If you're tearing out an old road and putting in a new one, the contractor has to break apart the old asphalt and get it out of the way. If you're building a road for the first time, the contractor might need to do some excavating of the land. Grass and other landscaping have to be stripped off and the land graded. You might even need some trees removed so the road has plenty of clearance on both sides.

Once the soil is clear, the contractor has to slope and grade the land so rain rolls off the side of the road and doesn't stay and make puddles.

Build The Gravel Base

The gravel base is an important part of a road. The base has to be constructed properly and compacted so it supports the asphalt without shifting. The thickness of the base is determined by the anticipated weight of the traffic.

If the road on your property will transport heavy machinery and semi-trucks on a regular basis, the base might need to be thicker than if the road will be used mostly by cars. Once the gravel base is compacted, it's tested to make sure the gravel doesn't move or shift when driven over by heavy machinery.

Apply The Asphalt

Asphalt construction involves putting down two layers of asphalt. The first layer is made up of large gravel rocks that are mixed with oil. The large gravel provides strength and stability to the road so it can support trucks and heavy vehicles.

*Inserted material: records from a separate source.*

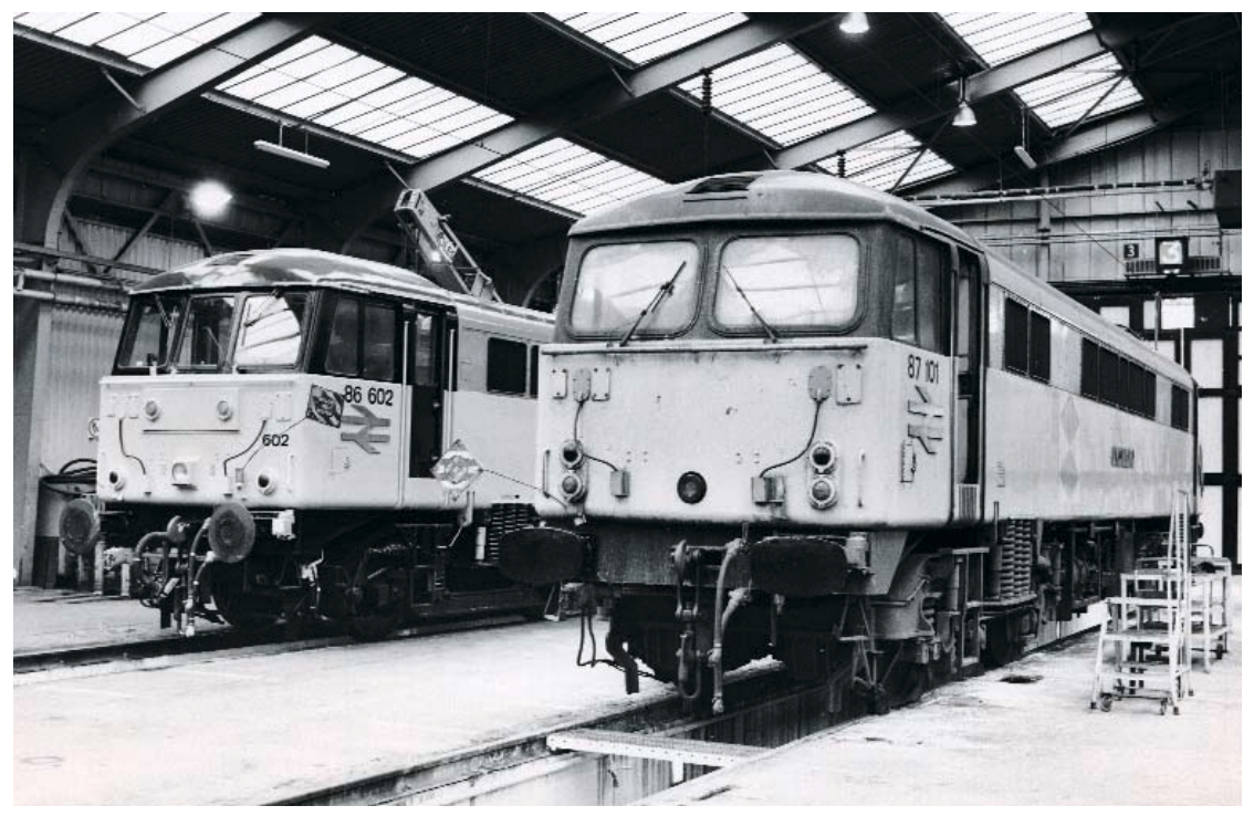
ABOVE: In more recent times, the sole Thyrister controlled Class 87/1 No. 87101 Stephenson was part of the Railfreight Distribution sector. The locomotive is pictured at Crewe Depot on 14th September 1995, in the company of Class 86/6 No. 86602.

classified as Class 87/0s, with the final member of the class becoming No. 87101. The latter loco was developed as part of a project to test an advance traction control system, called Thyrister control. The whole project was funded by GEC Traction and the locomotive itself could be driven as a normal Class
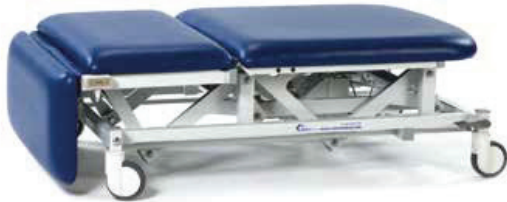
Low patient transfer height
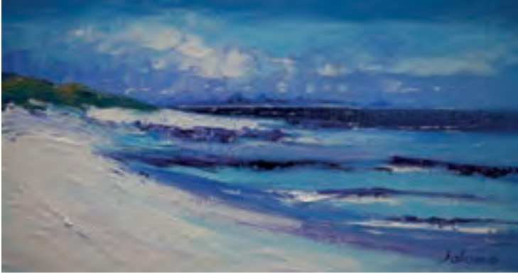
Fresh seas Balnahard Beach Isle of Colonsay oil on canvas 10 x 18 inches £3200
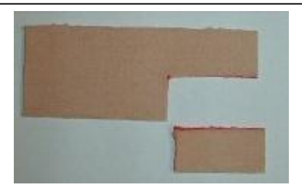
Step 11: Cut 1 strip of Moleskin 1-3/4" long by 5/8" wide.
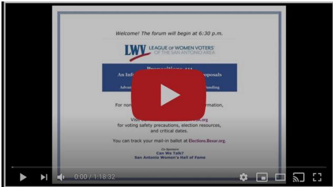
Propositions 411: An Informational Forum on Ballot Propositions
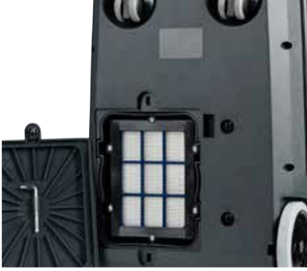
HEPA H13 exhaust filter is standard on all VP600 models
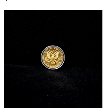
3513 US1994(W) $10.00 Olympic Commemorative Gold Coin $600 / $800
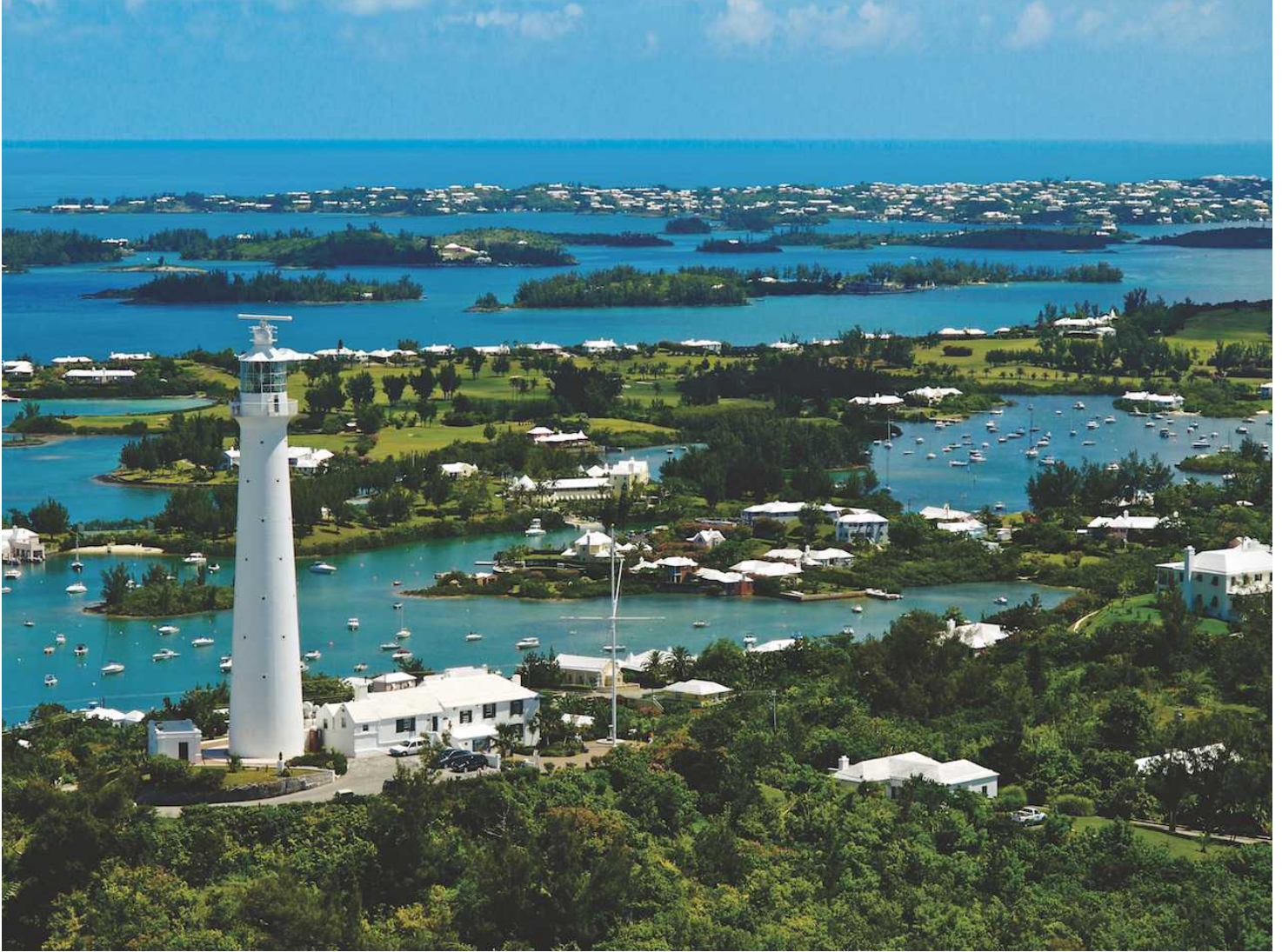
Gibbs Hill Lighthouse, Bermuda

If you fancy a different perspective, make a beeline for the Bermuda Underwater Exploration Institute in Hamilton to learn about the Bermuda Triangle and historic shipwrecks off the island's coast.

The second layer is made up of smaller rocks that are mixed with sand and oil. This allows the surface of the road to be smooth, especially once it's rolled and compacted into the bottom layer. The final step in asphalt construction is to put down lines and stripes to mark the driving and passing lanes.

Asphalt construction goes fairly fast, so your new road should be completed within a reasonable amount of time unless traffic uses the road while it's being built. In that case, the contractor might have to build one side of the road at a time so the road isn't completely shut down.